Part 38 (1/2)
He had had time to determine that much when her gift of self-possession rea.s.serted itself. She forced her lips back to their thin line, and steadied herself. He could see the vibrant tautness of her whole body, exemplified in the rigidity with which she held her crossed knees, one crushed upon the other.
”I know, I think, what misled you,” she answered her own question.
”You've talked to Gene Russell, of course. He may have heard--I think he did hear--Mildred and me discussing the mailing of a letter that Friday night.”
”He did,” Hastings said, firmly.
”But he couldn't have heard anything to warrant your theory, Mr.
Hastings. I merely made fun of her wavering after she'd once said she'd confront Berne Webster again with her appeal for fair play.”
He inspected her with an emotion that was a mingling of incredulity and repugnant wonder.
”It's no use, Mrs. Brace,” he told her. ”Russell didn't see the name of the man to whom the letter was addressed. I saw him last Sunday afternoon. He told me he took the name for granted, because Mildred had taunted him, saying it went to Webster. As a matter of fact, he wanted to see if Webster was at Sloanehurst and fastened his eyes for a fleeting glimpse on that word--and on that alone. Besides, there are facts to prove that the letter did not go to Webster.--Do you see how your fancied security falls away?”
”Let me think,” she said, her tone flat and impersonal.
She was silent, her restless eyes gazing at the wall over his head. He watched her, and glanced only at intervals at the wood he was aimlessly shaving.
”Of course,” she said, after a while, looking at him with a speculative, deliberating air, ”you've deduced and pieced this together. You've a woman's intuition--comprehension of motives, feelings.”
She was silent again.
”Pieced what together?” he asked.
”It's plain enough, isn't it? You began with your suspicion that my need of money was heavier in my mind than grief at Mildred's death. On that, you built up--well, all you've just said.”
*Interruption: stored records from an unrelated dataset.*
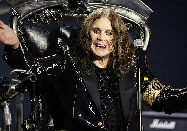 Osbourne is pictured eating an ice cream in hospital after his June 2022 operation, which his wife Sharon would ‘determine the rest of his life’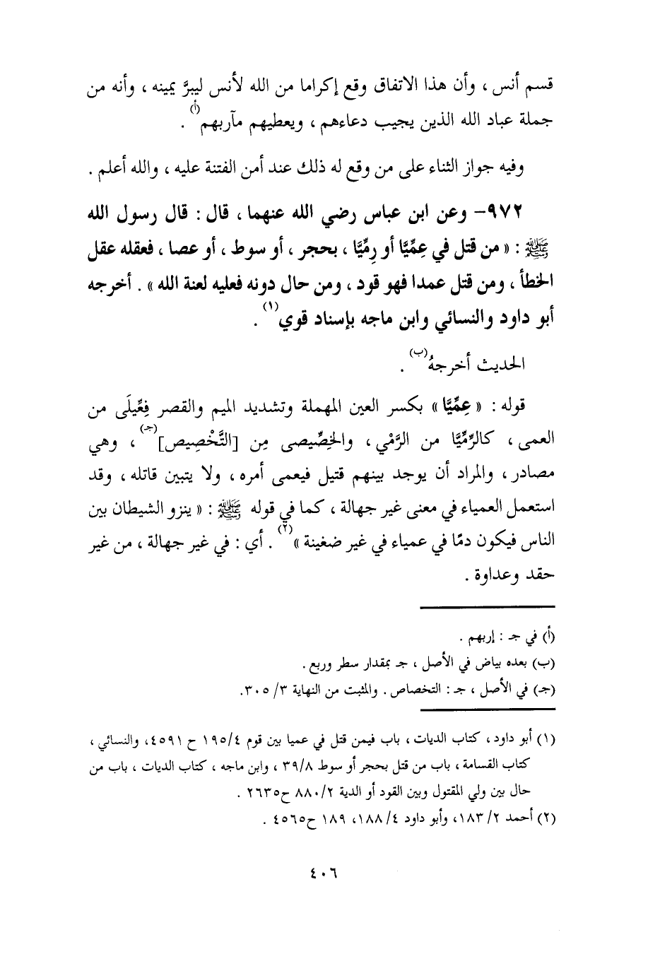 (¬1) أبو داود، كتاب الديات، باب فيمن قتل في عميا بين قوم 4/ 195 ح 4591، والنسائي، كتاب القسامة، باب من قتل بحجر أو سوط 8/ 39، وابن ماجه، كتاب الديات، باب من حال بين ولي المقتول وبين القود أو الدية 2/ 880 ح 2635.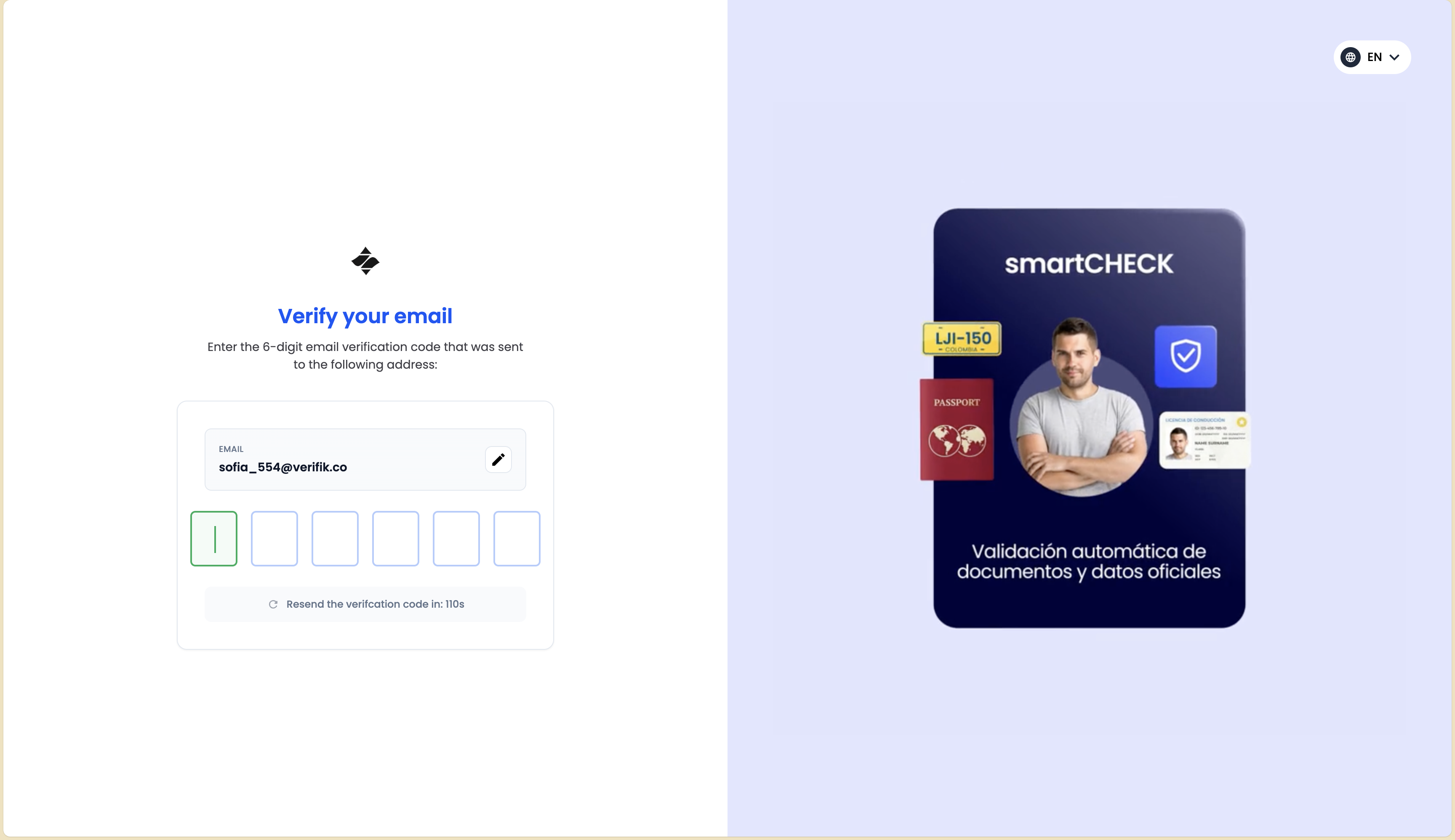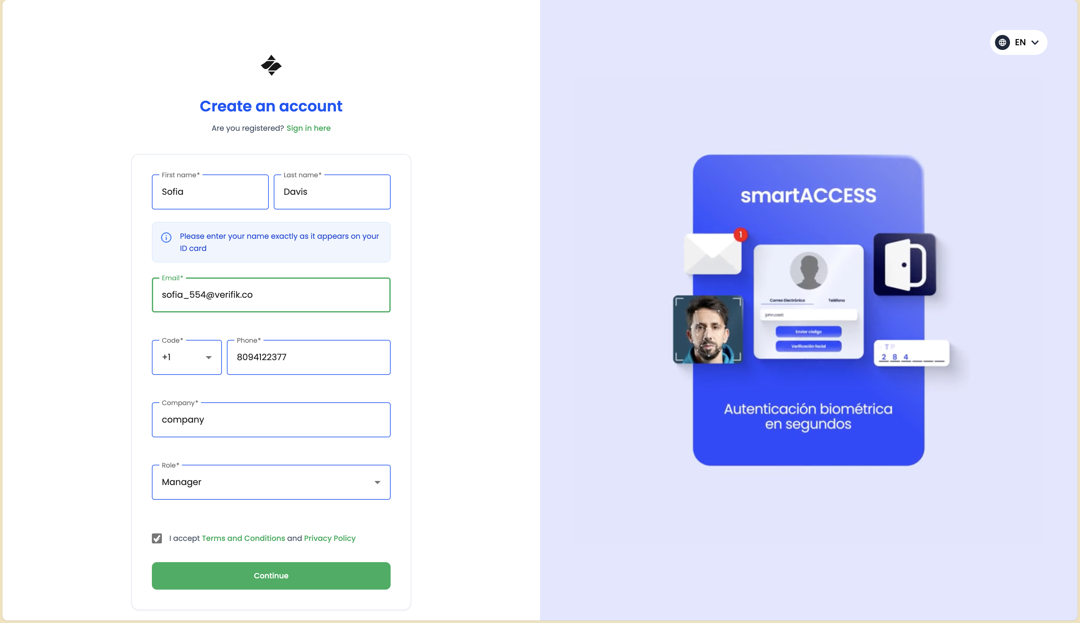 - Email Address: A valid email address that will be used for verification (e.g., "sofia_554@verifik.co")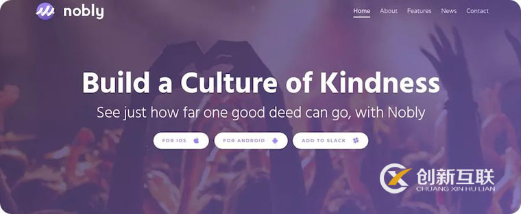Nobly是一款社交應(yīng)用程序,您可以與想要為世界做一件好事的所有人聯(lián)系。 打開網(wǎng)站后,您會看到主頁的大圖,它吸引了人們的注意力,大膽的色彩和點(diǎn)綴。 該網(wǎng)站使用現(xiàn)在流行的簡單布局和單頁滾動設(shè)計。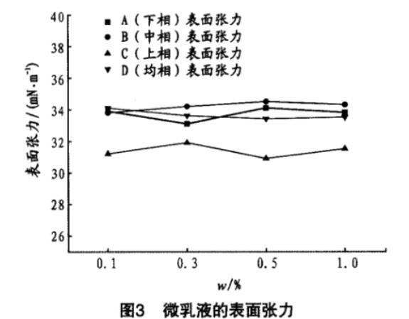 對上述微乳液進行了表/界面張力的測試,結(jié)果見圖3。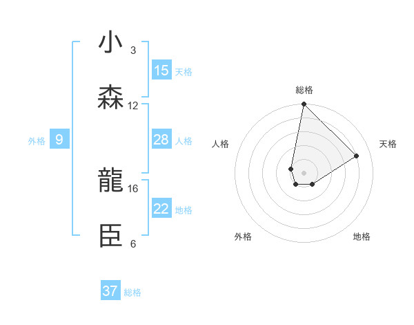 小森 龍臣さんの総格は37画の5点!

”It was more than a suspicion,” he corrected. ”It was knowledge--that everything you did, after her death, was intended to help along your scheme to--we'll say, to get money.”
”Still,” she persisted shrewdly, ”you felt the necessity of proving I'd blackmail--if that's the word you want to use.”
”How?” he put in quickly. ”Prove it, how?”
”That's why you sent that girl here with the five hundred. I see it now; although, at the time, I didn't.” She laughed, a short, bitter note.
”Perhaps, the money, or my need of it, kept me from thinking straight.”
”Well?”
”Of course,” she made the admission calmly, ”as soon as I took the hush money, your theory seemed sound--the whole of it: my motives and ident.i.ty of the murderer.”
She was thinking with a concentration so intense that the signs of it resembled physical exertion. Moisture beaded the upper part of her forehead. He could see the muscles of her face respond to the locking of her jaws.
”But there's nothing against me,” she began again, and, moved by his expression, qualified: ”nothing that I can be held for, in the courts.”
”You've decided that, have you?”
”You'll admit it,” she said. ”There's nothing--there can be nothing--to disprove my statement that Dalton's death was provoked. I hold the key to that--I alone. That being true, I couldn't be prosecuted in Pursuit as 'accessory after the fact.'”
”Yes,” he agreed. ”That's true.”
”And here,” she concluded, without a hint of triumph, even without a special show of interest, ”I can't be proceeded against for blackmail.